A handful of the experiments involved combining up to six AIDS drugs - so-called "cocktails" - in children as young as 3 months, and another explores the reaction of not one, but two doses of the measles vaccine in kids ages 6 to 7 months.

Other studies tested the "safety," "tolerance" and "toxicity" of AIDS drugs.

"They are torturing these kids, and it is nothing short of murder," said Michael Ellner, a minister and president of Health Education AIDS Liaison, an advocacy group for HIV parents.

Biochemist Dr. David Rasnick, a visiting scholar at the University of California at Berkeley and an expert in AIDS medication, was outraged because the drugs, alone or combined, have "acute toxicity which could be fatal."

He said the drugs’ side effects include severe liver damage, cancerous tumors, severe anemia, muscle wasting, severe and life-threatening rashes and "buffalo hump," where fatty tissues accumulate behind the neck.

Housed in a former convent and run by the Archdiocese of New York’s Catholic Charities, the foster-care agency described the experiments on its own Web site, which was abruptly shut down after The Post began making inquiries.

Archdiocese spokesman Joseph Zwilling said experiments at ICC were halted in 2002. He said he did not know why. Zwil- ling also said he did not know if any children had died.

An ACS spokeswoman said the agency hasn’t approved any new experiments since 2000 because the "risks outweighed the benefits." She declined to explain further. That agency is also reviewing its files on the case.

Jacqueline Hoerger was a pediatric nurse at ICC from 1989 to 1993 and said the experimentation was going on even back then. "We were taught that any symptom we saw was HIV-related," said Hoerger, 43. "The vomiting, diarrhea, wasting syndrome, the neurological side effects - they were dying. There was death."

She didn’t think doctors were doing anything wrong, however, until years later, when she tried to adopt two of the foster girls. When she refused to give the kids the center’s high-powered AIDS cocktails for fear it was making them sicker, ACS had social workers take the children away from her.

Advocates for children question the ethics of experimenting on foster kids - especially those too young to know what’s happening to them.

"The most vulnerable, disadvantaged children are being exploited by powerful entities and used as guinea pigs as if they were not human beings," said Vera Sharav from the Alliance for Human Research and Protection.

The tests were conducted by doctors from Columbia Presbyterian Medical Center, which was affiliated with ICC until 2002 and reaped the financial benefits of the research.

"Through these trials, children at the ICC outpatient clinic gained access to state-of-the-art treatments for HIV," said Annie Bayne, a Columbia spokeswoman.

ACS policy states it seeks parental consent before a child is enrolled in a study.
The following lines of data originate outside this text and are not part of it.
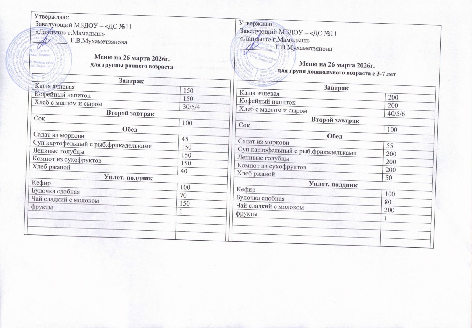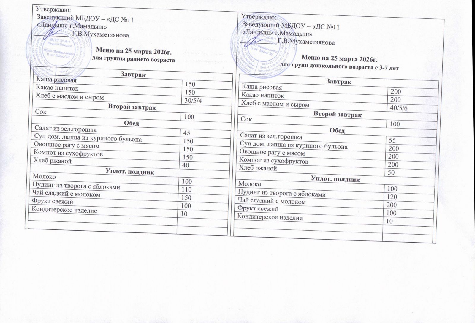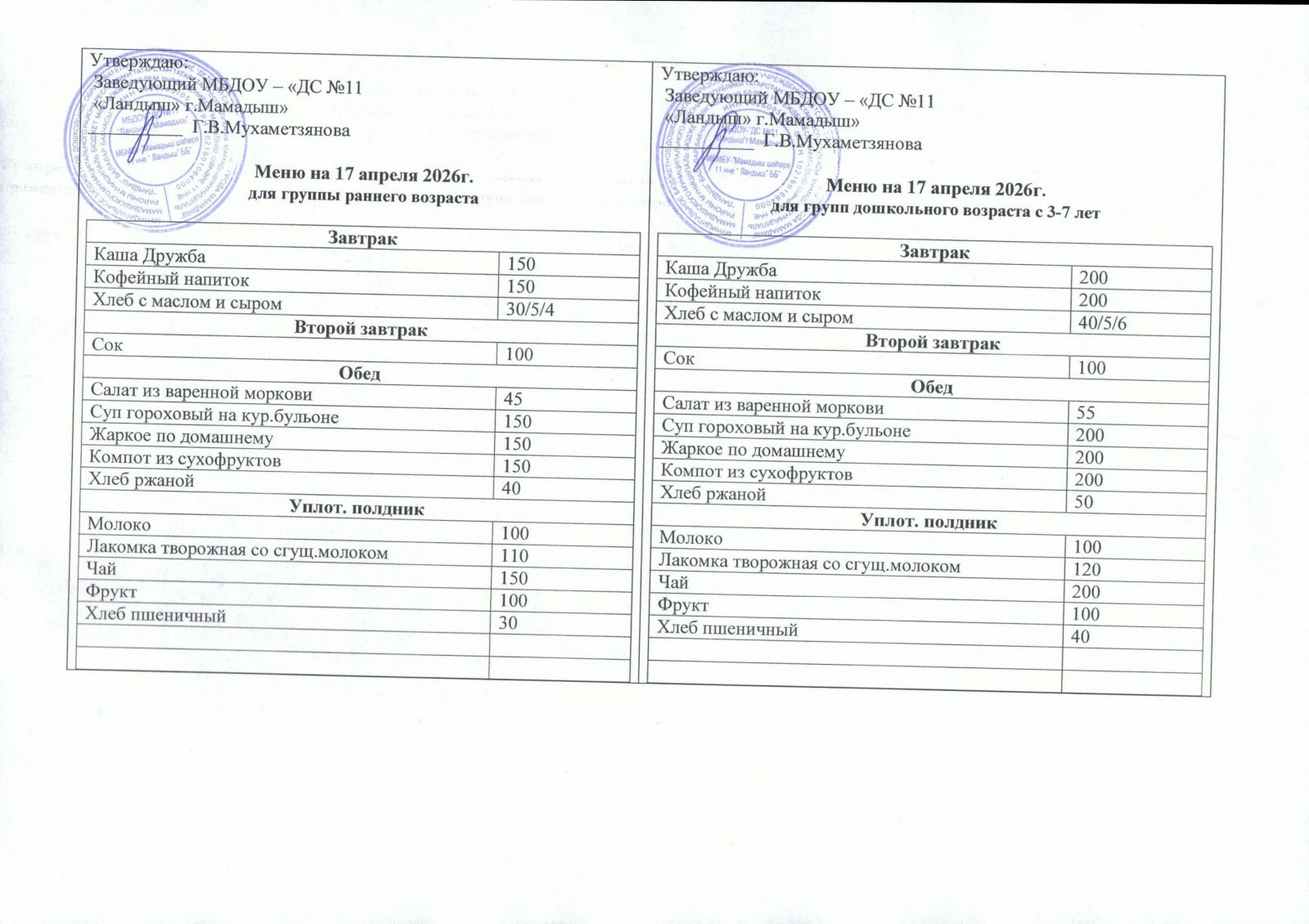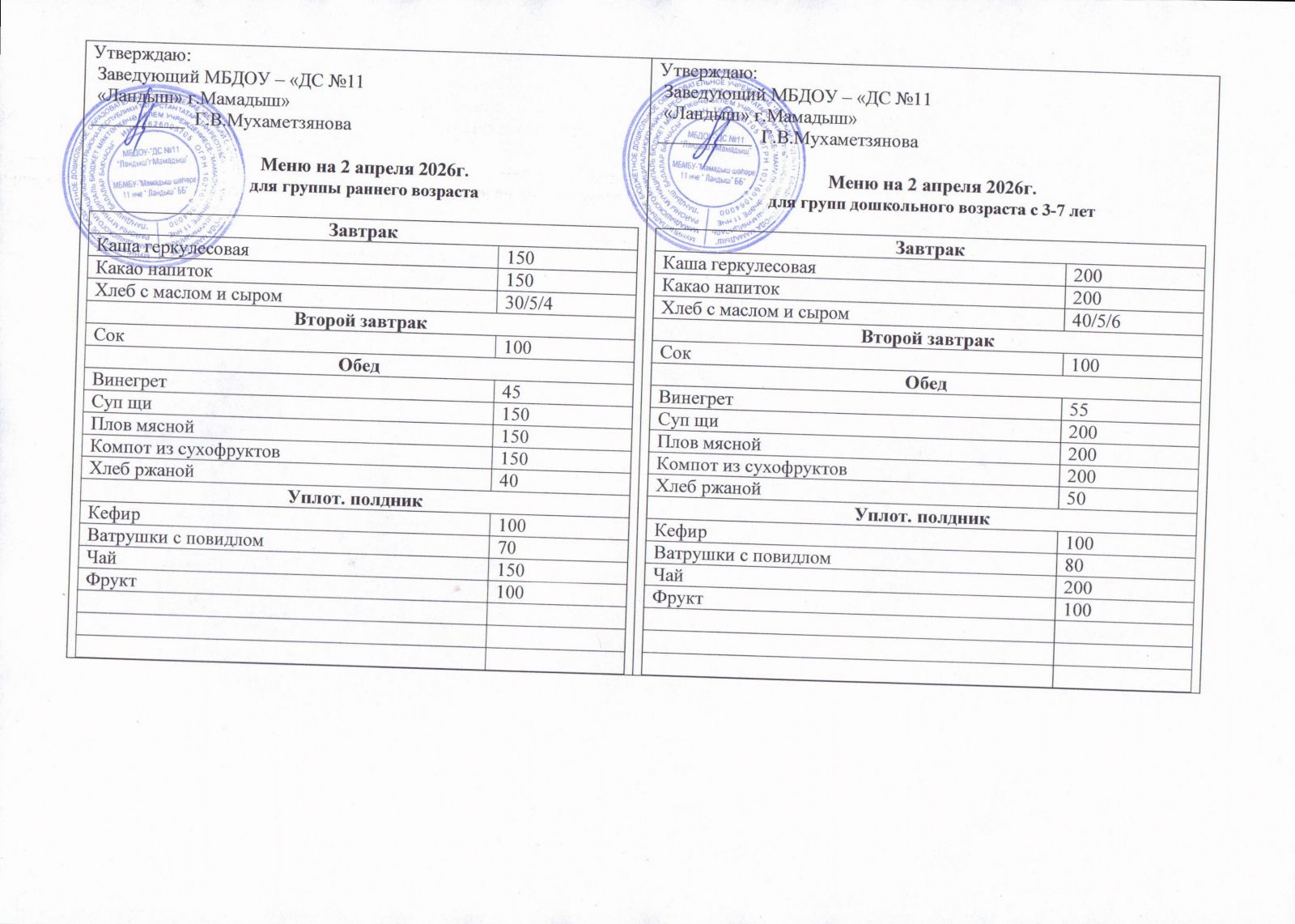 Примерное десятидневное меню для организации питания детей с 3 до 7 лет
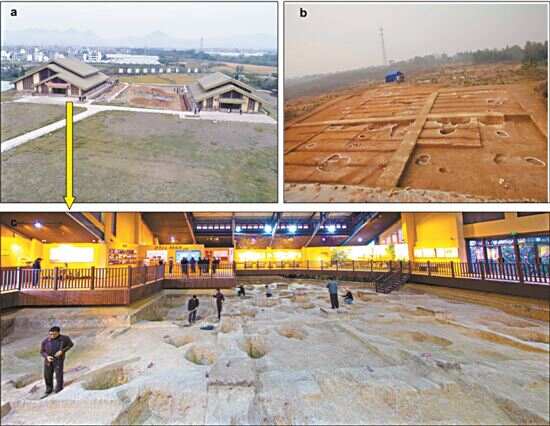 ■上山遗址(a和c)及荷花山遗址(b)的位置(中国科学院地质与地球物理研究所、浙江省文物考古研究所供图)。
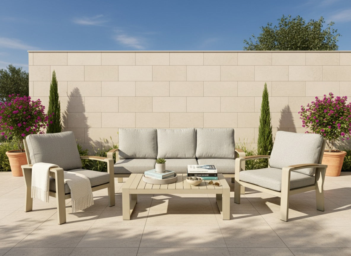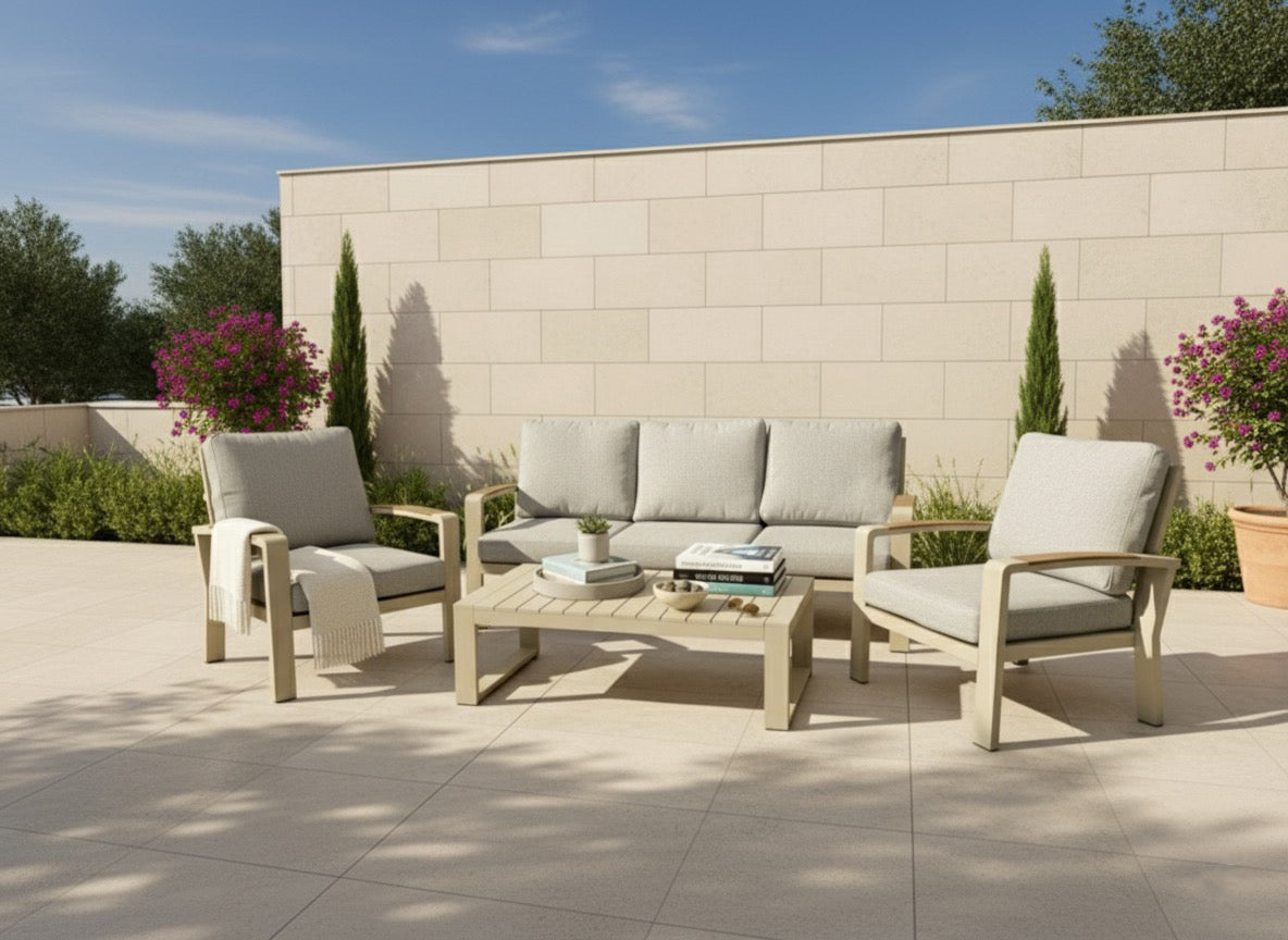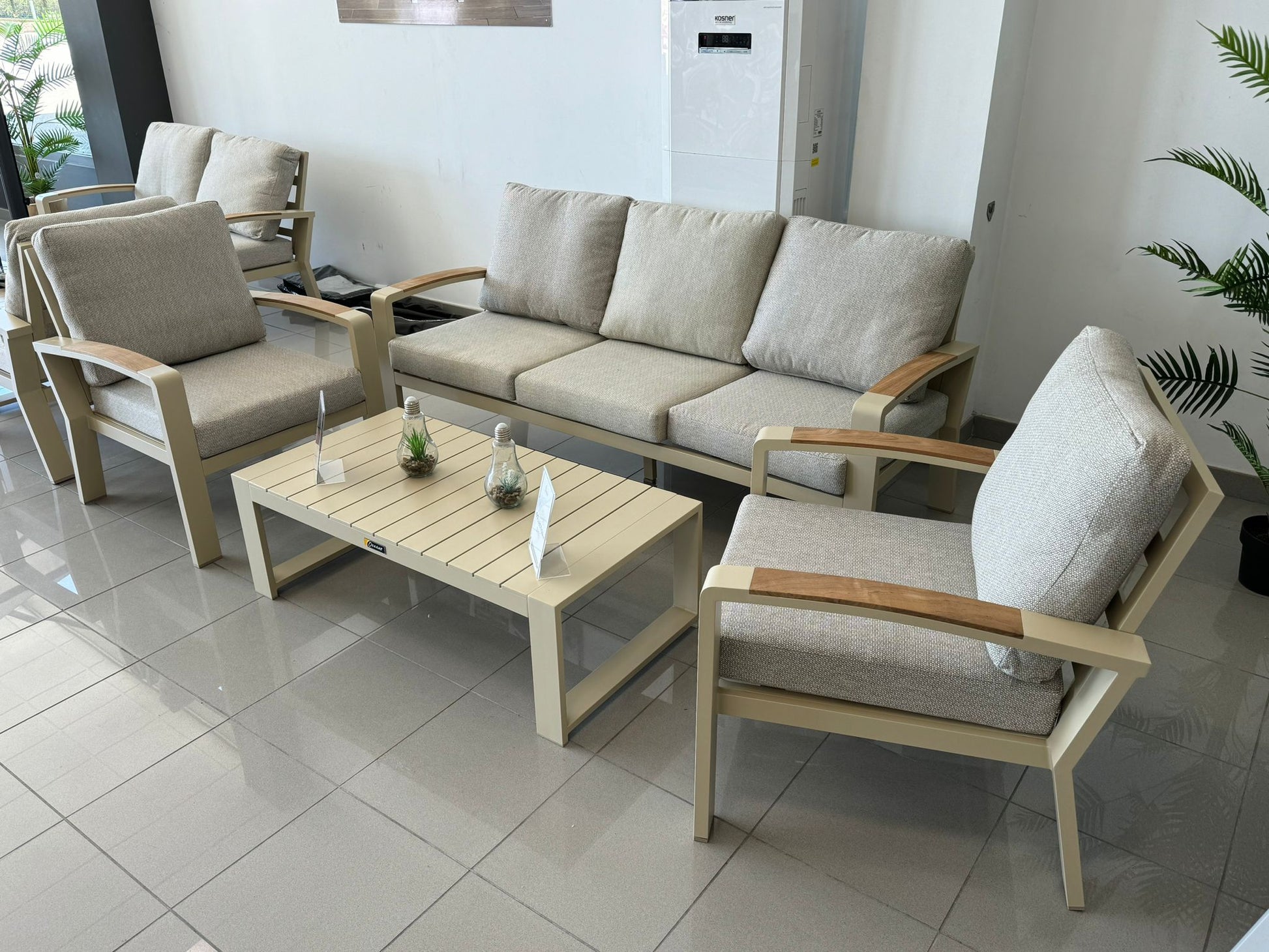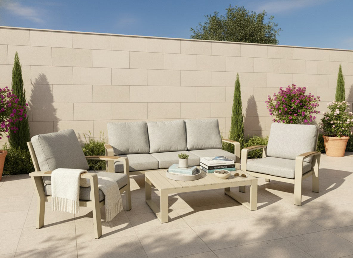 El juego de sofás de 3 plazas Bruges personifica la comodidad y la resistencia, con un diseño de respaldo alto complementado con cojines gruesos para una máxima relajación. Sus fundas de cojín resistentes al agua y la funda protectora contra la intemperie incluida garantizan longevidad y practicidad, lo que permite disfrutar del aire libre sin complicaciones. Los detalles en teca en los brazos del sofá y del sillón añaden durabilidad, ya que la teca es naturalmente resistente a la descomposición y a los insectos y garantiza años de uso, lo que la hace ideal para muebles de exterior. Ya sea en el patio, la terraza o el jardín, este juego de sofás ofrece un refugio de lujo. El espacioso diseño de tres asientos tiene capacidad para más invitados, lo que lo hace perfecto para reuniones sociales o momentos familiares acogedores. Con su combinación de estilo, comodidad y durabilidad, el juego de sofás de 3 plazas Bruges transforma cualquier espacio al aire libre en un acogedor oasis. Relájese con estilo y disfrute de momentos de ocio con esta elegante y práctica incorporación a su sala de estar al aire libre.
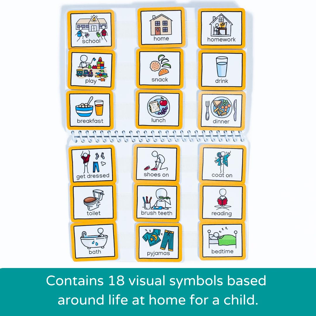 - Besides the days of the week visuals and the 9 feelings visuals, the 18 visual symbols at the back are based around life at home for a child.
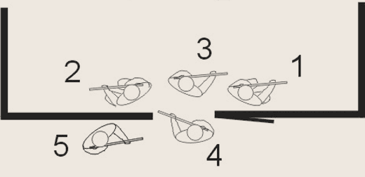 · 1 — сидит (оружие слева) · 2 — сидит (оружие справа) · 3 — сидит (оружие слева) · 4 — стоит (оружие справа, открывает дверь) · 5 — стоит (оружие справа)
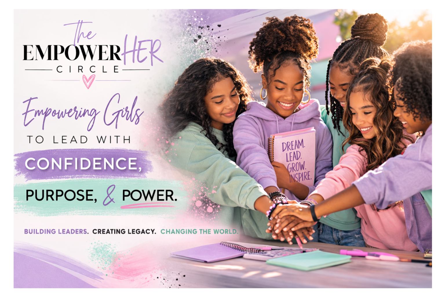 The EmpowerHer Circle empowers girls ages 10–19 to build confidence, leadership, and self-expression through mentorship, sisterhood, and creative learning.
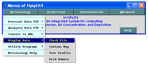 File characteristics and projectionHYSPLIT requires that meteorological data fields be projected on a conformal map projection (Polar Stereographic, Lambert, or Mercator) or a regular latitude-longitude grid. The data must be organized with one record per variable per level and all records must have the same record length. Records are written in a forward time sequence. More details on the format and packing of the meteorological data can be found in the HYSPLIT User's Guide.The \exec directory contains several command line programs (chk_data, chk_rec) that can be used to analyze a HYSPLIT compatible meteorological data file. chk_file has been incorporated into a HYSPLIT GUI under the Meteorology / Display Data menu.

If the parents cannot be found, ACS’s medical and legal divisions, and its commissioner, must all approve.

The condition, however, is that the experiment "offer each participating child a significant potential benefit, a concomitant minimal risk of injury or harm," ACS spokeswoman MacLean Guthrie said.

Fire Commissioner Nicholas Scoppetta, who headed ACS at the time of the experiments, refused comment.

Officials at ICC, which was established in 1989 to house and care for HIV-infected "boarder babies" left stranded in city hospitals, refused to talk to The Post.